Diagram of the IEEE 30 power system.
The Latin hypercube method generates 100 samples (Shu et al., 2014) to construct the proposed distributionally robust optimization model. The upper and lower bounds of predicted output, available power, and uncertainties of wind plants are shown in Figure 3.
FIGURE 3

Power chart of the wind plant.
Cooperative Dispatch Results of W-HHS
To analyze the influence of heat balance and hydrogen balance on the dispatch strategy of HPS, we study four different scenarios, which are listed as follows. The results are shown in Table 2.
TABLE 2
| Scenarios | Operation cost of units ($×106) | Wind plant profits ($×106) | Residual hydrogen (kg) | Residual thermal energy (kW⋅h) | Wind plant availability coefficient |
|---|---|---|---|---|---|
| Case 1 | 0.14223 | 0.21934 | −25.04 | — | 1 |
| Case 2 | 0.14645 | 0.20951 | −19.86 | 126.44 | 0.9552 |
| Case 3 | 0.14564 | 0.20575 | 22.58 | −489.15 | 0.9381 |
| Case 4 | 0.14696 | 0.20546 | 22.50 | 135.95 | 0.9364 |
Cooperative dispatch results.
Case 1: Heat and hydrogen balance constraints are not considered;
Case 2: Only heat balance constraints are considered;
Case 3: Only hydrogen balance constraints are considered;
Case 4: Both hydrogen and heat balance constraints are considered.
It can be seen from Table 2 that where the hydrogen and heat balance constraints are ignored (Case 1), the dispatchable power of the wind plant is equal to the predicted value, and the operation cost of conventional units is the lowest. However, 25.04 kg extra hydrogen is needed to support the 24-h operation of the hybrid system. As constraints are added into the model, the availability coefficient of the wind plant decreases to meet hydrogen and heat balance requirements, and the cost of conventional units increases. Compared with Case 1, the wind plant availability coefficient in Case 4 has dropped by 6.33%, and the cost of conventional units has increased by 3.4%. The results of conventional unit dispatch in the four scenarios are shown in Figure 4.
FIGURE 4

Dispatch results of conventional units.
According to the results in Case 2 and 3, we can figure out that the dispatch strategy that only satisfies the hydrogen balance or the heat balance requires the extra hydrogen or thermal supplement. It can be seen that when the system has sufficient day-ahead initial hydrogen storage or thermal storage, the corresponding dispatch strategy can also be adapted to increase the grid-connected power output of wind plants. When the initial hydrogen energy storage and the thermal storage are insufficient, the wind plant availability coefficient can only be reduced, and the dispatch strategy in Case 4 is adopted to maintain this efficient and economical operation of the HESS. Figure 5 shows the operation of the HESS in the four Cases.
FIGURE 5

Operation of hydrogen energy storage system.
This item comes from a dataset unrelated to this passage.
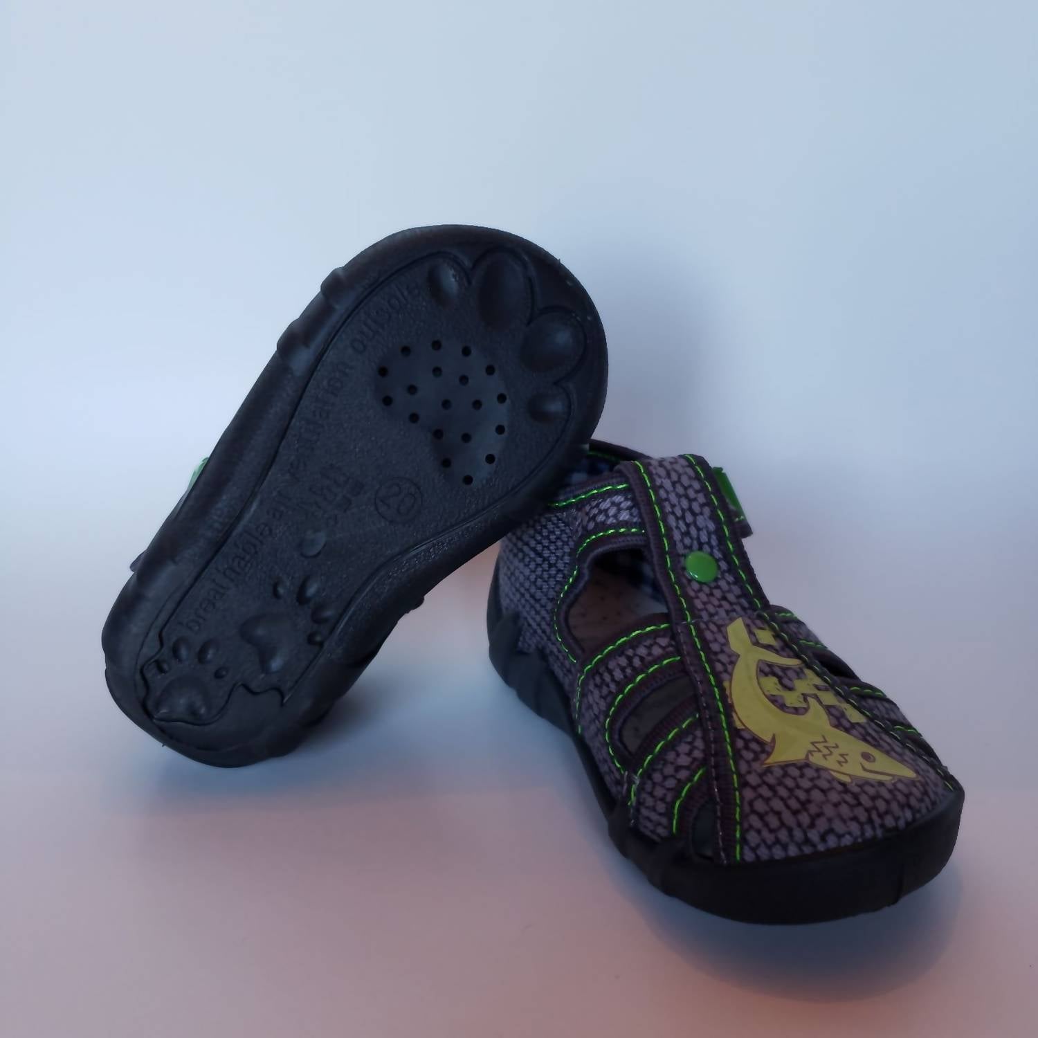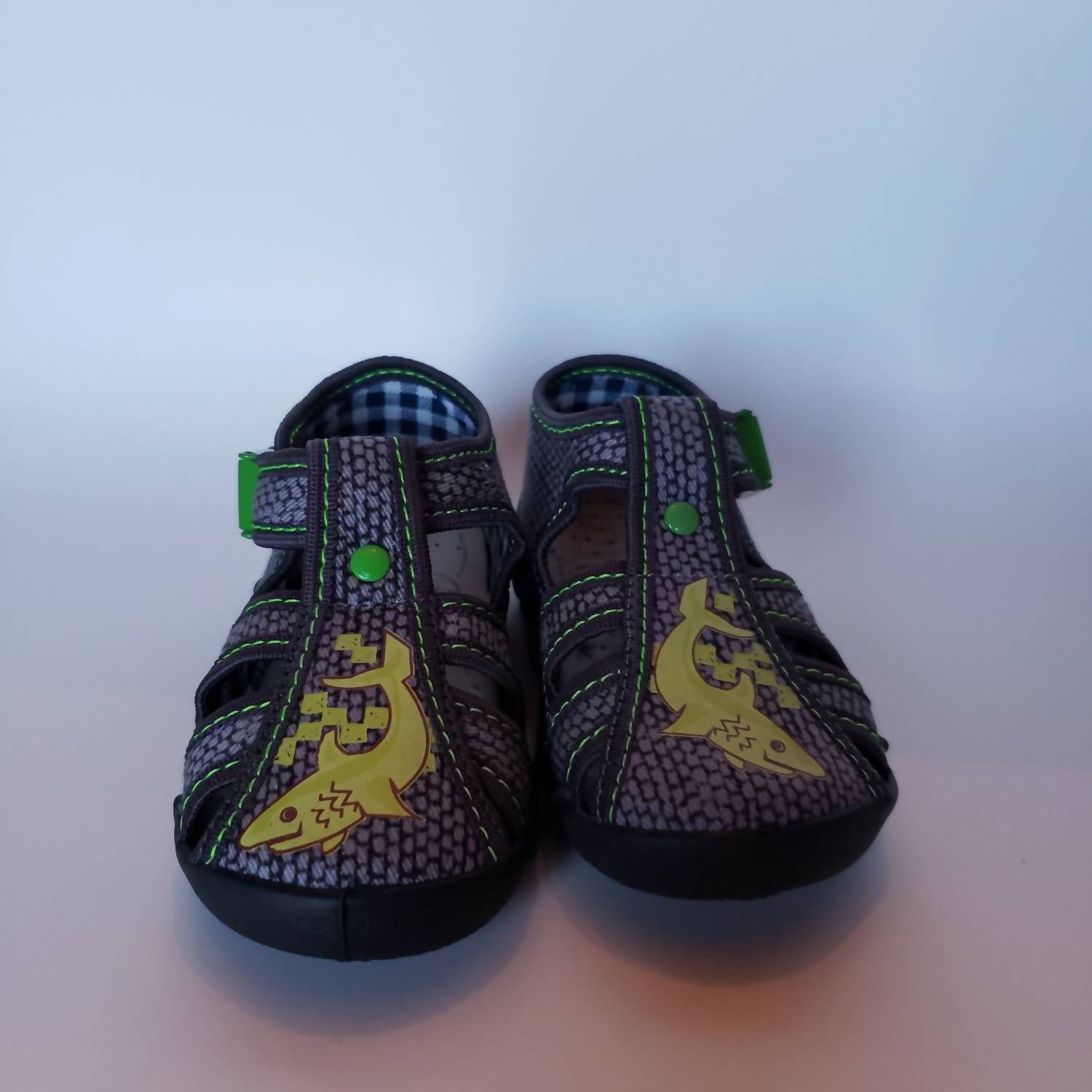 Discover the Renbut Shoes Kid's Fisherman Sandal in Dark Grey Multi with hark detail on toe, perfect for unisex toddlers who need comfort and support. Crafted with a natural cotton canvas upper and lined with natural cotton fabric, these sandals offer an orthopedic arch supportive sole aimed at nurturing healthy arch development. The one-strap clamp buckle closure makes them easy to slip on and off, providing convenience for active kids. Made in Europe, these lightweight sandals feature anti-slip flexible rubber outsoles and an anti-shock foam-padded insole lined with natural leather, enhancing their comfort and safety attributes.

It can be seen from Figure 5 that the PEMFC in Case 2 consumes extra hydrogen to provide an up-reserve for the hybrid system, improving the availability coefficient of wind power and meeting the heat balance constraints. In Case 3, the availability coefficient of the wind plant decreases. We can see that the probability of wind power curtailment increases while the probability of load curtailment decreases. The W-HHS calls the electrolyzer to increase hydrogen production, and the PEMFC is controlled to consume less hydrogen, thereby satisfying the hydrogen balance constraint. The SOC changes of hydrogen balance and heat balance are shown in Figure 6.
FIGURE 6

SOC change of hydrogen energy storage system.
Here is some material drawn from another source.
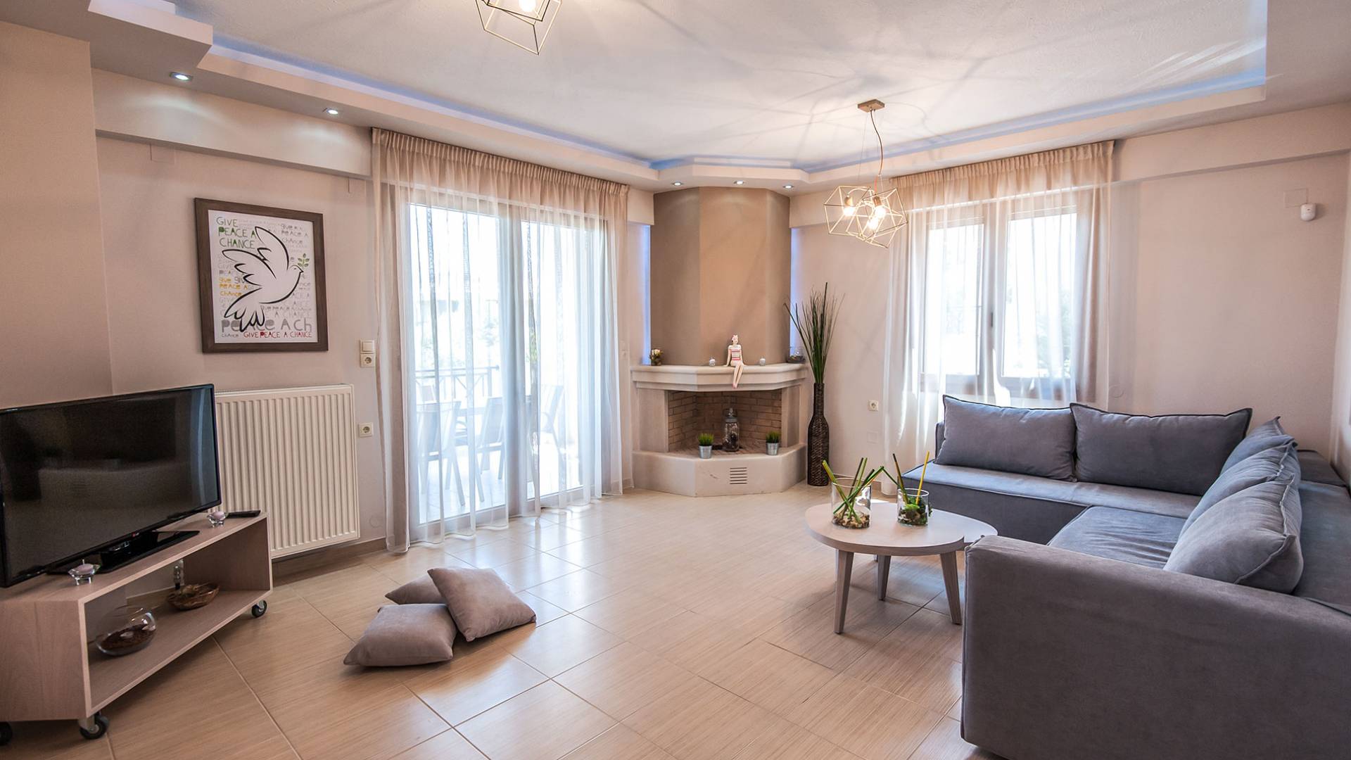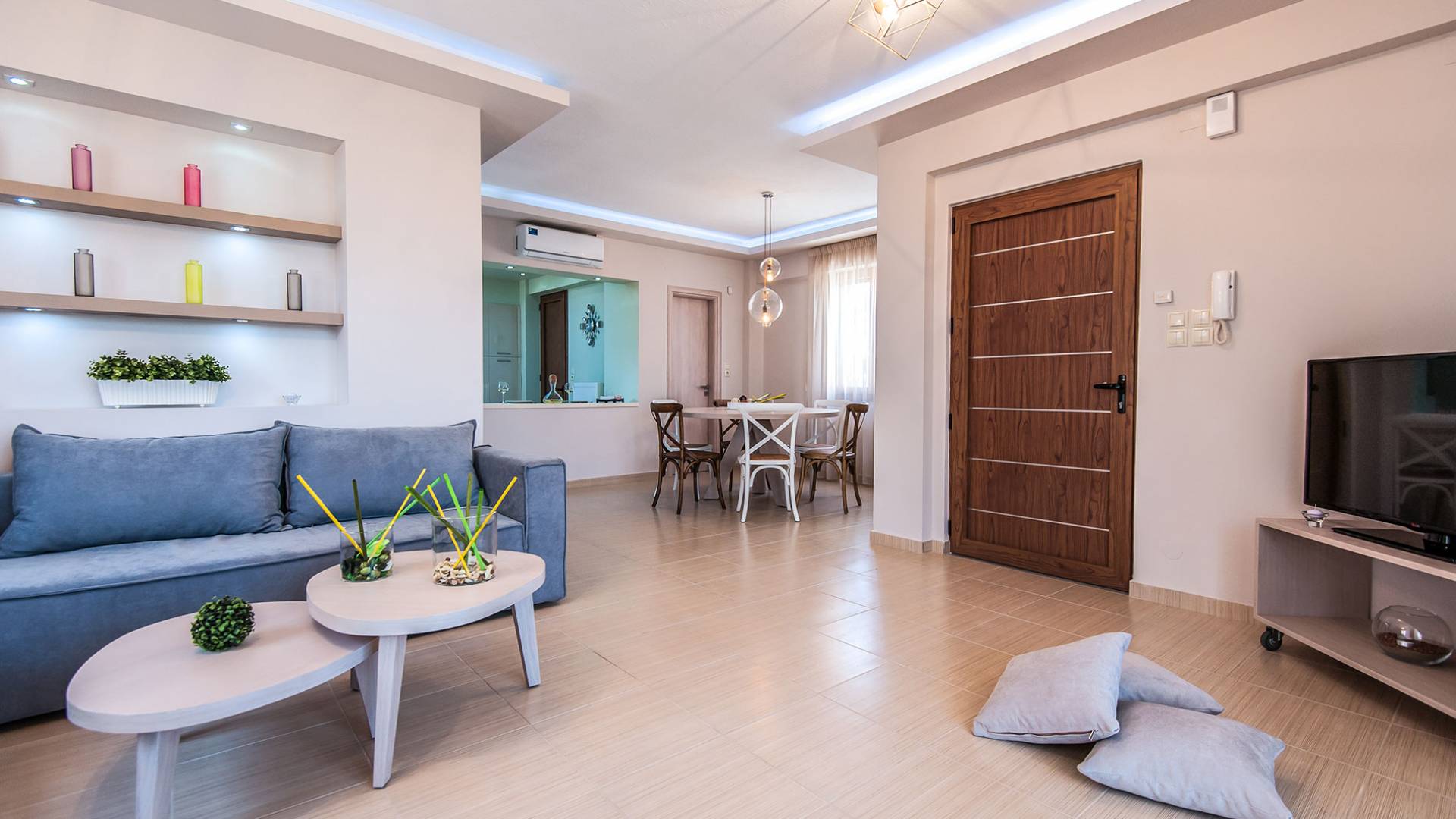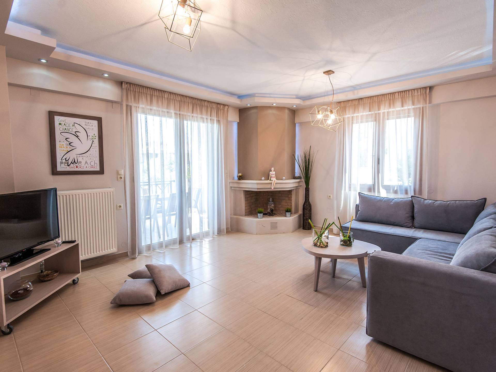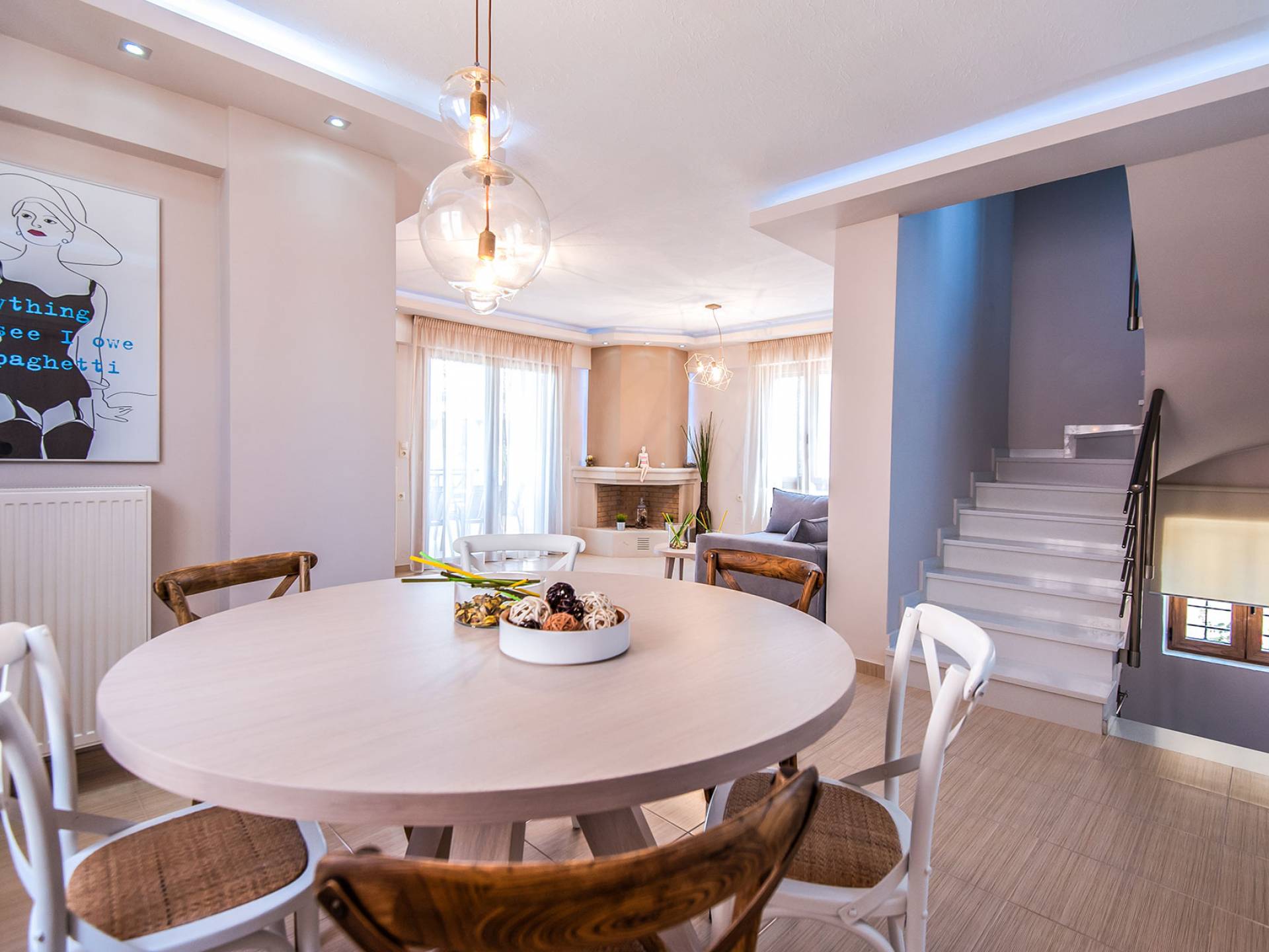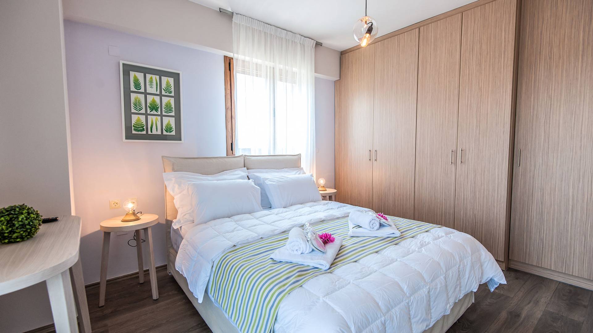 Die Möbel sind modern und der Raum wird mit moderner geringer Hintergrundbeleuchtung beleuchtet. Im ersten Stock befinden sich drei Schlafzimmer. Zwei von ihnen haben Doppelbetten und das dritte ist ein Zweibettzimmer. Die Schlafzimmer verfügen über Matratzen aus Naturprodukten, die auf beiden Seiten verwendet werden können: Eine Seite besteht aus Naturlatex, das sie für einen angenehmen Schlaf weich macht, und die andere Seite hat ein anatomisches Gedächtnis. Eines der Schlafzimmer hat eine große Terrasse mit schöner Aussicht, ausgestattet mit einer modernen Holzpergola als Sonnenschirm und möbliert mit einer Relaxcouch.

Figure 6 shows that only the dispatch strategy adopted in Case 4 can simultaneously satisfy the heat and hydrogen balance constraints. In this case, the hydrogen tank will have the remaining hydrogen. The remaining hydrogen can be used in the subsequent optimal dispatch to increase the grid-connected output of the wind plant, reflecting the character of hydrogen energy storage’s cross-cycle energy storage. When the heat balance SOC shown in Figure 6 is less than 0, it indicates that the hydrogen energy storage system must rely on additional supplementary heat energy to maintain the regular operation. This working condition means that the hydrogen energy storage system’s thermal energy generated and stored is not enough to maintain the heat balance of intermittent work. In practice, the system’s hydrogen production and power generation efficiency will decline to generate sufficient thermal energy.
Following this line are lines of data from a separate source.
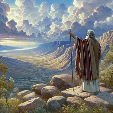 “Go up Mount Nebo, to the top of Pisgah. I will show you the land I promised to Abraham, Isaac, and Jacob.” God showed him the land of Canaan—the land He had promised to the Israelites.
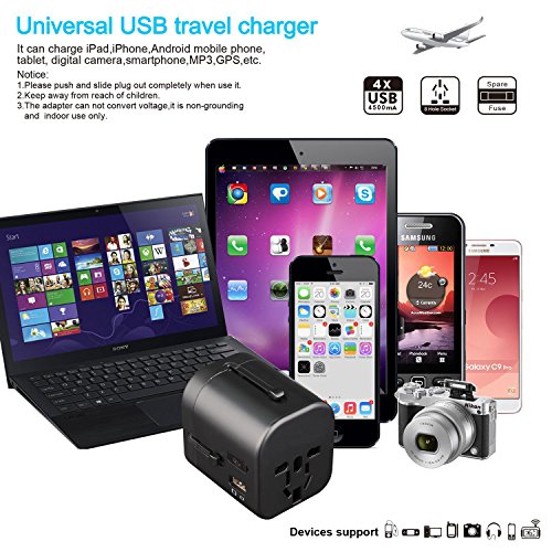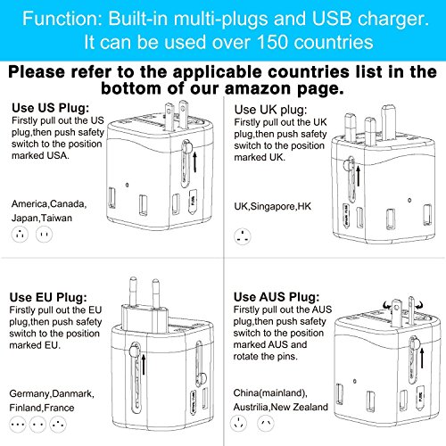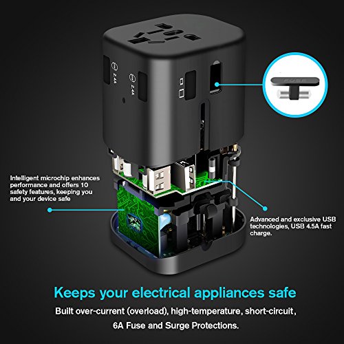 [CHARGING FAST] Kompakter und leistungsstarker World Adapter Multi-Plug sorgen fur eine schnelle, sichere und effiziente Aufladung fur alle Ihre Gerate.Plugs und USB-Ladegerat zur gleichen Zeit ohne Chaos uberhaupt, Patentierte Platine schutzt Ihre wertvollen Gadgets vor Kurzschlussen.
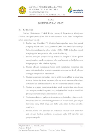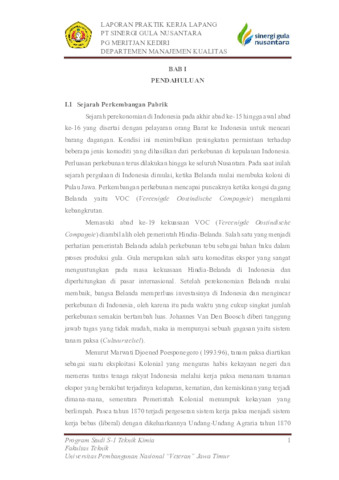 LAPORAN PRAKTIK KERJA LAPANG PT SINERGI GULA NUSANTARA PG MERITJAN

Compared with Case 3, the optimal strategy in Case 4 further reduces the wind plant’s available power and grid-connected power to satisfy the heat balance. It can be seen that the heat balance constraint reduces the profits of the hybrid system. Thus, the factors that affect the heat balance constraint should be further analyzed to reduce the impact of heat balance on the operation of HESS.
Analysis of Impact Factors on Heat Balance
From the results in Figures 5, 6, we can easily find out that when the W-HHS is in operation, the electrolyzer and PEMFC run intermittently. The electrolyzer cannot run at full power, and the PEMFC is always in reserve mode for a long time in an operation cycle. According to the heat balance model given in Eq. 5, 15, whether the heat produced can meet the heat lost by the system mainly depends on the heat dissipation coefficient of the electrolyzer and PEMFC. Therefore, the influence of the heat dissipation coefficient on the heat balance SOC constraint should be analyzed. Thus, we take the heat dissipation coefficient in a range of [1/900, 1/1,500] to study the performance of the waste heat utilization system. The results are shown in Table 3.
TABLE 3
| Heat dissipation coefficient (°C−1) | Wind plant availability coefficient | Residual hydrogen (kg) | Residual thermal energy (kW⋅h) |
|---|---|---|---|
| 1/900 | 0.9241 | 27.96 | 61.5 |
| 1/1,000 | 0.9346 | 22.5 | 135.95 |
| 1/1,100 | 0.9379 | 17.9 | 812.5 |
| 1/1,200 | 0.9431 | 13.98 | 996.9 |
| 1/1,300 | 0.9446 | 12.79 | 1,187.7 |
| 1/1,400 | 0.9446 | 12.79 | 1,365.8 |
Influence of heat dissipation coefficient.
Table 3 shows that as the heat dissipation coefficient decreases, the operation is less influenced by the heat balance constraints. The high availability coefficient of the wind plant results in a decreased operation probability of the electrolyzer and an increased working time of the PEMFC. Hydrogen storage drops accordingly. Also, due to the decrease of heat dissipation, the thermal energy stored in the thermal tank gradually increases.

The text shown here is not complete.